▶ **Supplied material**
--------------------------------------------------
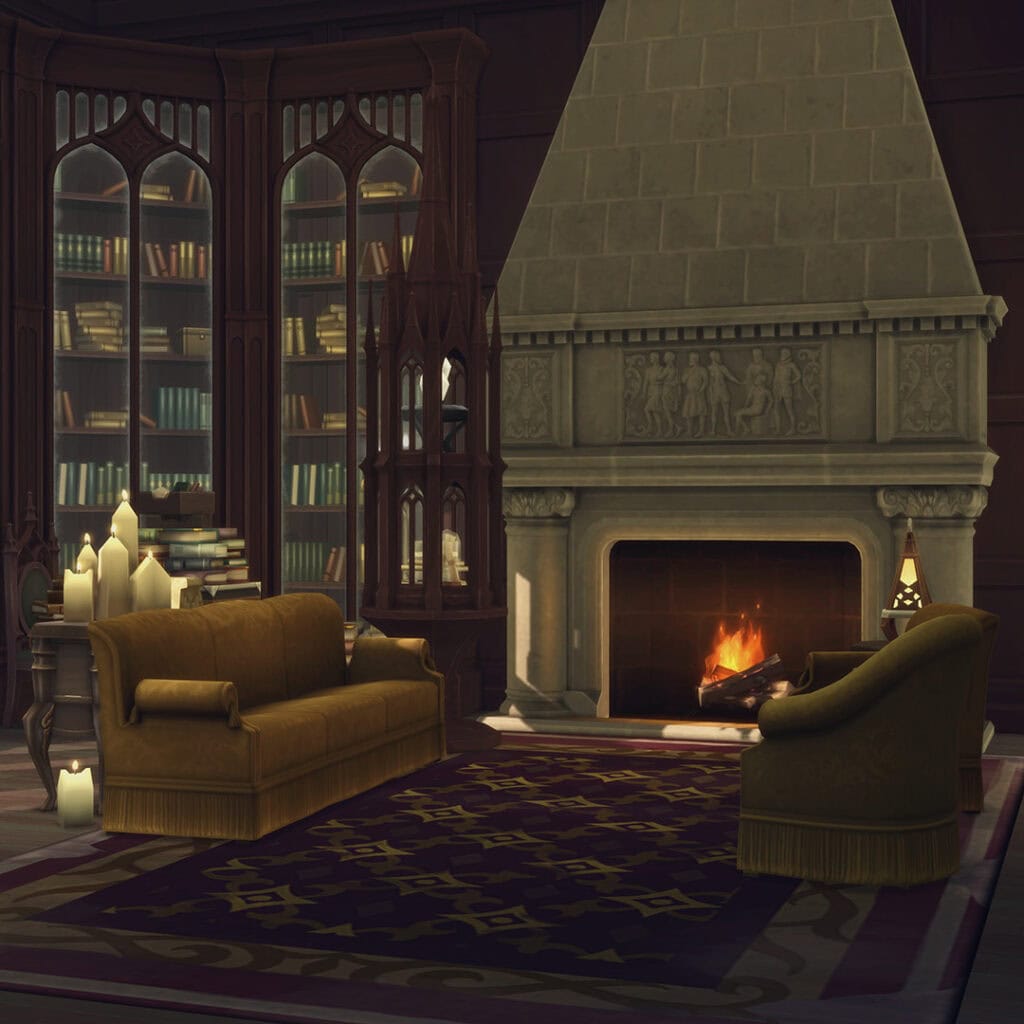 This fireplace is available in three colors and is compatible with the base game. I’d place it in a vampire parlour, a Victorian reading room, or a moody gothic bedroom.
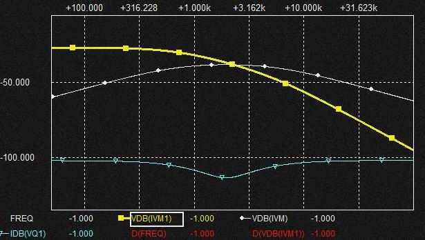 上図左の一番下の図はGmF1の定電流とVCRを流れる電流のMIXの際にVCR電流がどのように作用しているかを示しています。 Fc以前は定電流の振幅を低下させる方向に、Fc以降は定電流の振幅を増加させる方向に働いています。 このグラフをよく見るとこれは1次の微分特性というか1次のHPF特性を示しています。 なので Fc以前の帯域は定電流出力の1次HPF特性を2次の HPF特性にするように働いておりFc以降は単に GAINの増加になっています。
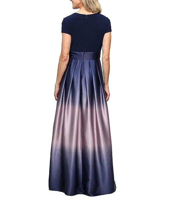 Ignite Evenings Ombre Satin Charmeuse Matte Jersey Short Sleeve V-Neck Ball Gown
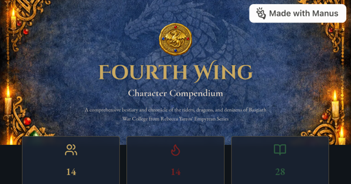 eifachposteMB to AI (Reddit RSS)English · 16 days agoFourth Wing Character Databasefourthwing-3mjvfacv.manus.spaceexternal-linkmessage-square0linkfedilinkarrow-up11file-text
--------------------------------------------------
▶ **Task objective**
Every line above is to be written out unchanged, with the pictures omitted.

▶ **Response area**
 This fireplace is available in three colors and is compatible with the base game. I’d place it in a vampire parlour, a Victorian reading room, or a moody gothic bedroom.
 上図左の一番下の図はGmF1の定電流とVCRを流れる電流のMIXの際にVCR電流がどのように作用しているかを示しています。 Fc以前は定電流の振幅を低下させる方向に、Fc以降は定電流の振幅を増加させる方向に働いています。 このグラフをよく見るとこれは1次の微分特性というか1次のHPF特性を示しています。 なので Fc以前の帯域は定電流出力の1次HPF特性を2次の HPF特性にするように働いておりFc以降は単に GAINの増加になっています。
 Ignite Evenings Ombre Satin Charmeuse Matte Jersey Short Sleeve V-Neck Ball Gown
 eifachposteMB to AI (Reddit RSS)English · 16 days agoFourth Wing Character Databasefourthwing-3mjvfacv.manus.spaceexternal-linkmessage-square0linkfedilinkarrow-up11file-text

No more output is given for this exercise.